Reading Time: 4 minutes 

This is part one of a four-part series. Read parts two, three and four.

Walking through the sprawling vegetable garden that is CommonWealth Urban Farms just a few miles away from downtown Oklahoma City, Elia Woods can’t help but bend a knee every now and then to sample the fruit of her labor. A small nibble of a pea shoot or a spinach leaf brings a smile to her sunkissed face.

“It’s a powerful thing,” she said of eating the food she grows herself. “There’s a deep disconnect that happens when you go to the grocery store and grab some food or pick up fast food and there’s a deep sense of connection and satisfaction that comes with being closer to your food source.”

The garden is a combination of a backyard and an empty lot that takes up about one-seventh of an acre near the corner of Olie St. and N.W. 32nd St. It doesn’t look like much from the street, but walk past the small storage shed at the edge of the property and you see row after row of cultivated soil in different stages of use. Some rows look ready to be harvested while others are just barely sprouting produce that will be ready in early spring and others are being fed by winter cover crop.

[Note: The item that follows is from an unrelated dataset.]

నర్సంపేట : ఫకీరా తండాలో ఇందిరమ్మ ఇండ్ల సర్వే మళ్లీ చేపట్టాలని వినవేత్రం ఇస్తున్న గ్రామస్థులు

Woods started the idea of CommonWealth Urban Farms in December 2010 and began planting the following fall. By April 2012, she had successfully started a program of community supported agriculture, or CSA. She planted and tended to vegetables in the urban garden and grew a membership base of 25 to 30 families paying about $10 per week to pick up a weekly bag of the fresh produce. 

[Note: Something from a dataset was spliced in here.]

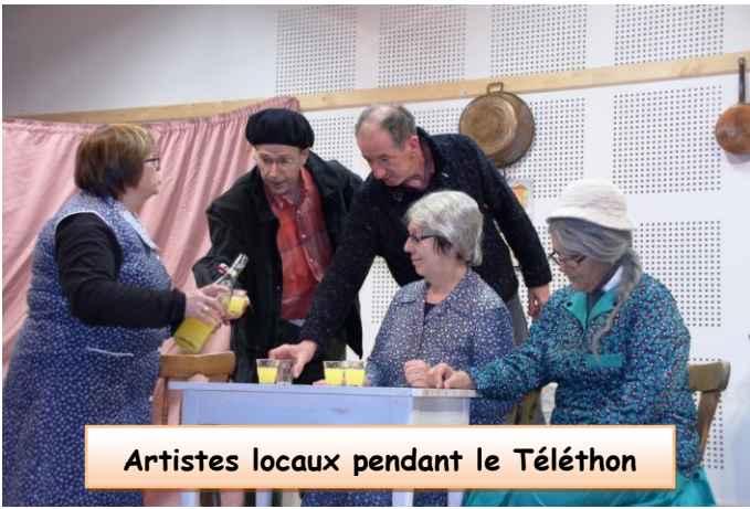
Artistes locaux pendant le Téléthon

This spring, she’s preparing to take a year off from the traditional CSA model for some research and development of the business and to educate the public more about the benefits of home gardening. There are many ways to get involved with CommonWealth that range from attending a garden school on Saturday mornings to purchasing produce and flowers grown at the garden. 

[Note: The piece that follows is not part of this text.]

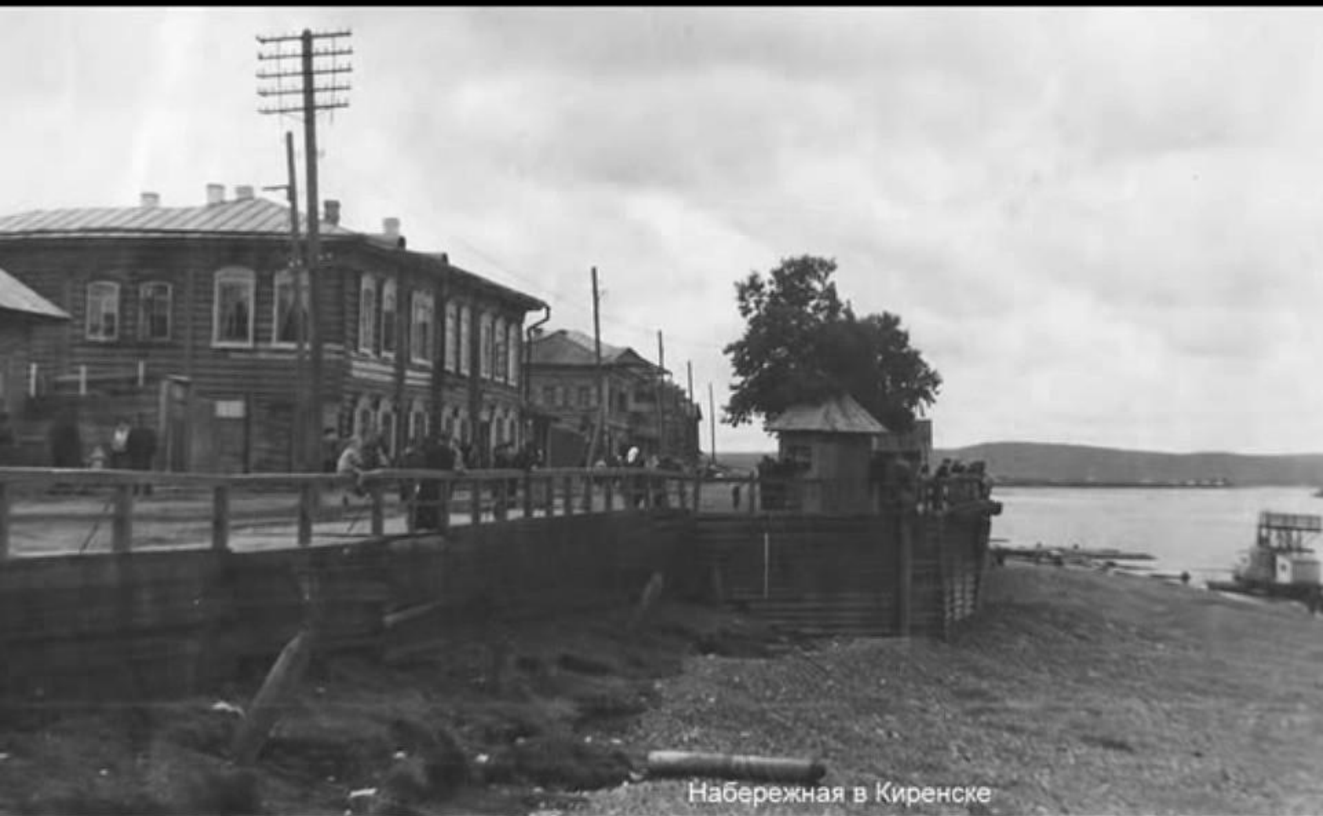
Набережная в Киренске

Before the idea of CommonWealth really took hold, Woods had a long history with gardening. She was a home gardener for about 25 years before started volunteering at another Oklahoma City CSA, Guilford Gardens. Her friend Kamala Gamble had started the garden about a decade prior and was willing to teach Woods all about the business of growing and selling produce in an urban setting. “I didn’t start off wanting to sell vegetables, I just wanted to learn more,” Woods said. “Before I knew it, I was being hired to manage that CSA program.”

Her first true passion was art and although she’d been a studio artist for many years, she reached a point where she wanted a change of pace.

“The art was becoming more and more about the garden and I just sort of tipped over the top and went full on at the garden,” she said.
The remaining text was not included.